Retype the line in which "Кран угловой нерж" appears, then every line after it until the records end. Leave out the pictures.

┄┄┄┄┄┄┄┄┄┄┄┄┄┄┄┄┄┄┄┄

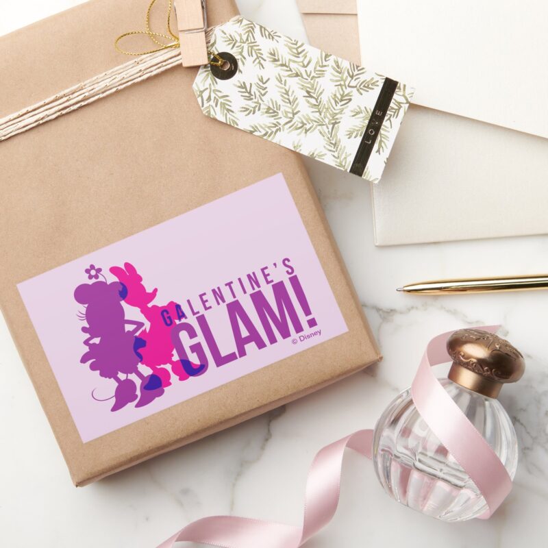 Minnie Mouse Daisy Duck Galentines Glam Rectangular Sticker vinyl sticker, waterproof durable collectible sticker for laptop, phone, bottle, bike, notebook, helmet, and accessories.
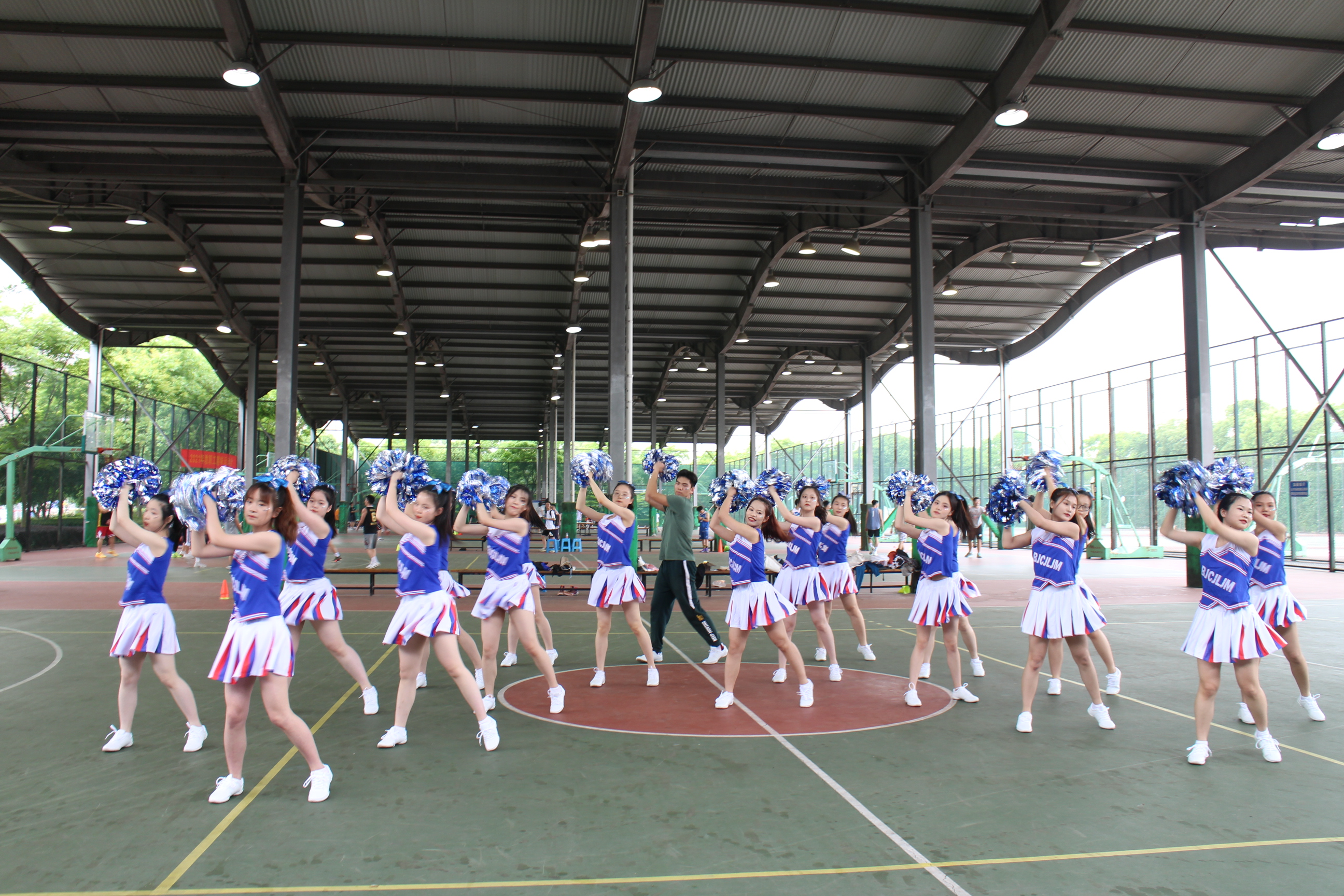 在A区风雨篮球场举行了第二十届体育文化节—喜迎建党一百周年“峥嵘杯”啦啦操大赛。
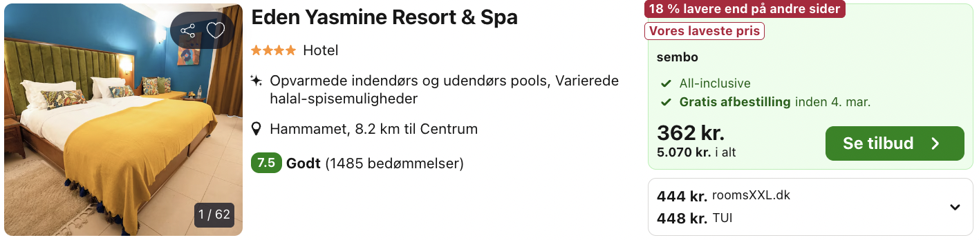 | Bemærk: Husk at lade søgningen blive helt færdig. Vælg “Vores laveste pris” på trivago, for at opnå den bedste pris på hotellet.
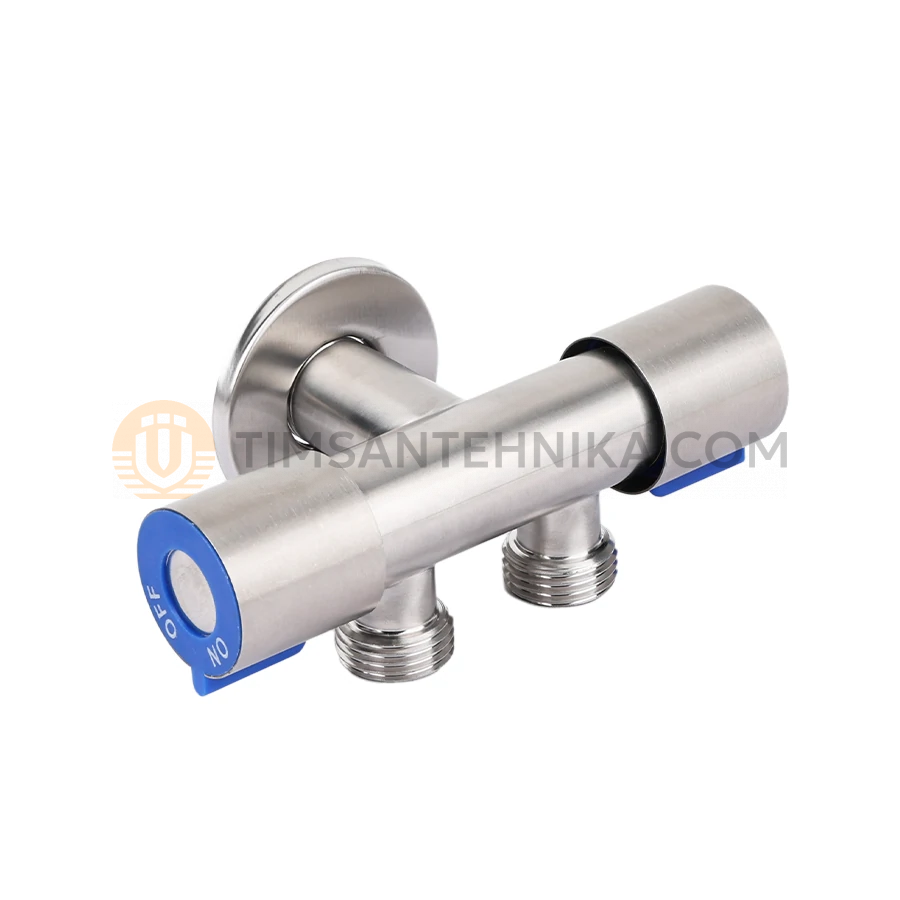Кран угловой нерж SUS304 2 выхода для сантехприборов (ш/ш/ш) 1/2"×1/2"×1/2", BL5856.02S
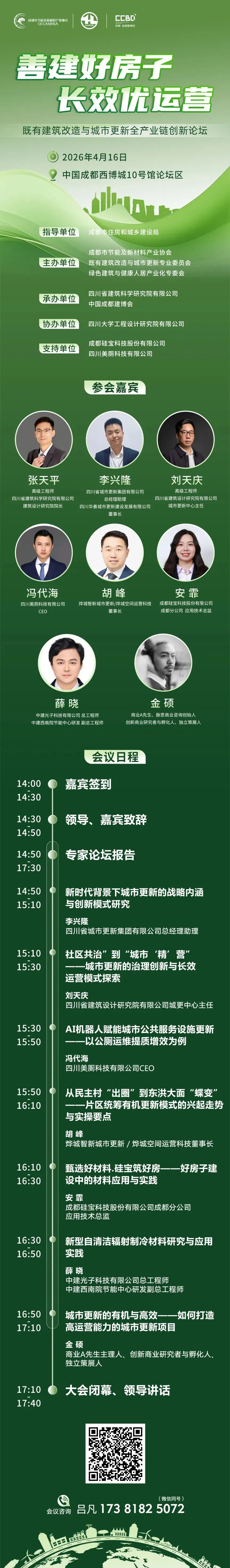 当城市发展从“增量扩张”转向“存量提质”,当“好房子”成为衡量城市更新成效的核心标尺,既有建筑改造正迎来前所未有的机遇与挑战。既有建筑改造与城市更新全产业链创新论坛——“善建好房子 长效优运营”将在成都西博城启幕。聚焦政策解读、技术路径、商业模式与长效运营,汇聚全产业链头部力量,共探城市更新从“建设思维”向“运营思维”转型的实践路径。来这里,读懂城市更新的底层逻辑,链接存量焕新的全链资源。
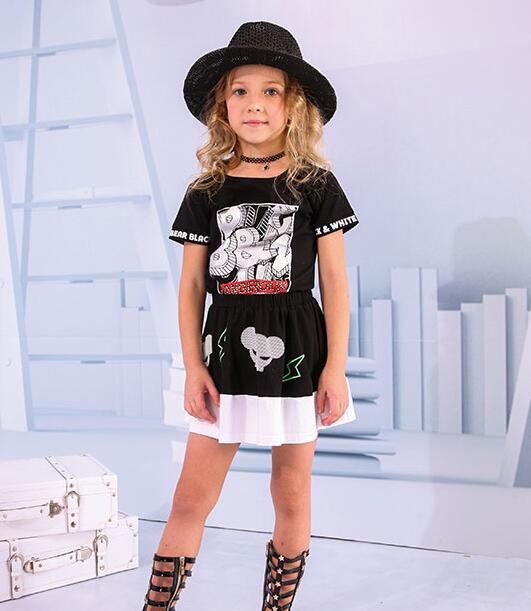都说女孩子的衣橱里少不了裙子的存在,如果你想培养孩子的时尚意识,裙子能从中起到很大的作用。BLACKWHITEBEAR黑白熊品牌此款黑色裙装搭配,一款黑色圆领T恤与黑色半身裙的组合,字母与图案,加上裙摆处的白色边设计,搭配黑色酷炫凉鞋,简直不要太帅了!
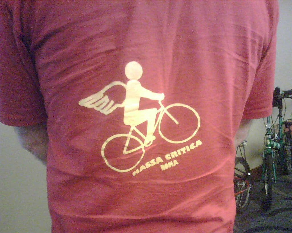 Lots of critical mass t-shirts, from many different cities. Budapest, above.

┄┄┄┄┄┄┄┄┄┄┄┄┄┄┄┄┄┄┄┄

- Result for this task
Кран угловой нерж SUS304 2 выхода для сантехприборов (ш/ш/ш) 1/2"×1/2"×1/2", BL5856.02S
 当城市发展从“增量扩张”转向“存量提质”,当“好房子”成为衡量城市更新成效的核心标尺,既有建筑改造正迎来前所未有的机遇与挑战。既有建筑改造与城市更新全产业链创新论坛——“善建好房子 长效优运营”将在成都西博城启幕。聚焦政策解读、技术路径、商业模式与长效运营,汇聚全产业链头部力量,共探城市更新从“建设思维”向“运营思维”转型的实践路径。来这里,读懂城市更新的底层逻辑,链接存量焕新的全链资源。
都说女孩子的衣橱里少不了裙子的存在,如果你想培养孩子的时尚意识,裙子能从中起到很大的作用。BLACKWHITEBEAR黑白熊品牌此款黑色裙装搭配,一款黑色圆领T恤与黑色半身裙的组合,字母与图案,加上裙摆处的白色边设计,搭配黑色酷炫凉鞋,简直不要太帅了!
 Lots of critical mass t-shirts, from many different cities. Budapest, above.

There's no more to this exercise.